用語集

高次構造」とは?

別名・英語表記:HOS / Higher Order Structure

アミノ酸鎖が折りたたまれてできる立体構造。二次・三次構造などの階層があり、品質特性として評価する。

高次構造とは、アミノ酸鎖やRNA鎖が折りたたまれてできる立体的な形のことで、二次・三次構造などの階層をもちます。正しく折りたたまれているかどうかが生物活性に直結するため、収率や純度と並ぶ重要な品質特性として評価されます。

活性・収率との関係をどう捉えるか

高次構造が正しく形成されているかどうかは、そのまま分子の活性に影響します。たとえば封入体は正しい高次構造を持たないため活性がなく、リフォールディング工程を経て初めて機能する状態になります。

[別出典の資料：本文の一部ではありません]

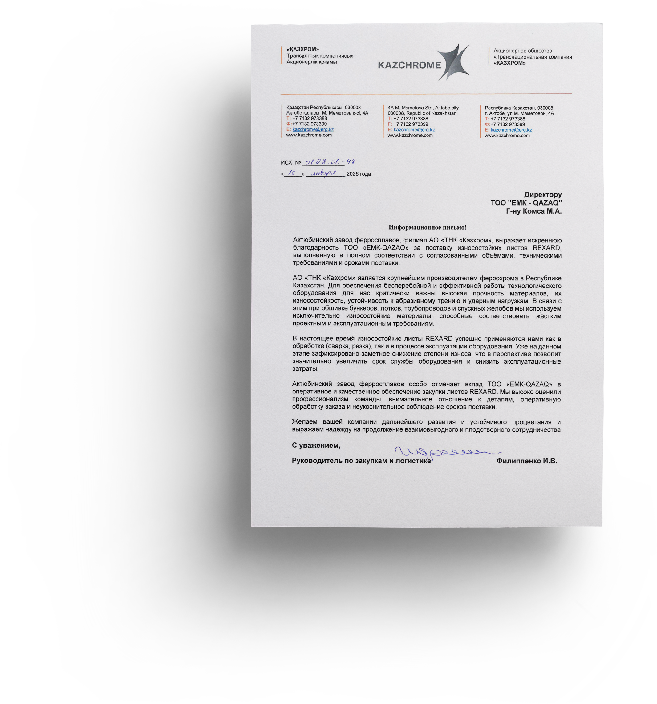 Решение: компания ЕМК – QAZAQ осуществила поставку износостойких листов REXARD.

製造プロセスの最適化においても、可溶性回収率・凝集体・活性とあわせて高次構造を応答の一つとして組み込むことで、「正しく折れた収率」を根拠づけて最大化できるとされています。C-ペプチドのように、最終製品には残らないにもかかわらず正しい高次構造への折りたたみを助ける「分子内ガイド」として機能する配列が存在することも、高次構造形成の複雑さを示しています。

測定手法と条件設計の考え方

高次構造の評価には、円二色性(CD)・蛍光・示差走査熱量測定(DSC)などが用いられ、二次・三次構造や熱安定性を捉えます。一方、分析カラムを高温の変性条件で動かす手法では、構造がほどかれて鎖長による保持に揃えられるため、多量体や高次構造は分離の対象から外れてしまいます。つまり、鎖長で純度・完全性を見る変性条件と、多量体・高次構造を見る条件は別立てで設計する必要があり、一つのメソッドで両方を同時に評価することはできません。RNAのように二次・高次構造をとりやすい分子では、この条件の使い分けがとくに重要になります。

製剤・製造工程での保護という視点

高次構造は製造工程や保存中のストレスによって変化しうるため、製剤設計の段階から意識的に守る必要があります。抗体であれば適切な緩衝液と安定剤を選ぶことで分子の高次構造を維持することが求められます。こうした観点から、高次構造の評価は最終製品の品質試験にとどまらず、処方検討や工程開発の段階から多面的な応答として組み込むことが重要です。

この定義はProglenth編集部が一般的・基礎的な内容として整理したものです。実際の管理基準・要件は製品・企業・各極の規制により異なります。 正確な運用は各極の薬局方・ガイドライン(ICH/GMP等)やメーカーの一次情報をご確認ください。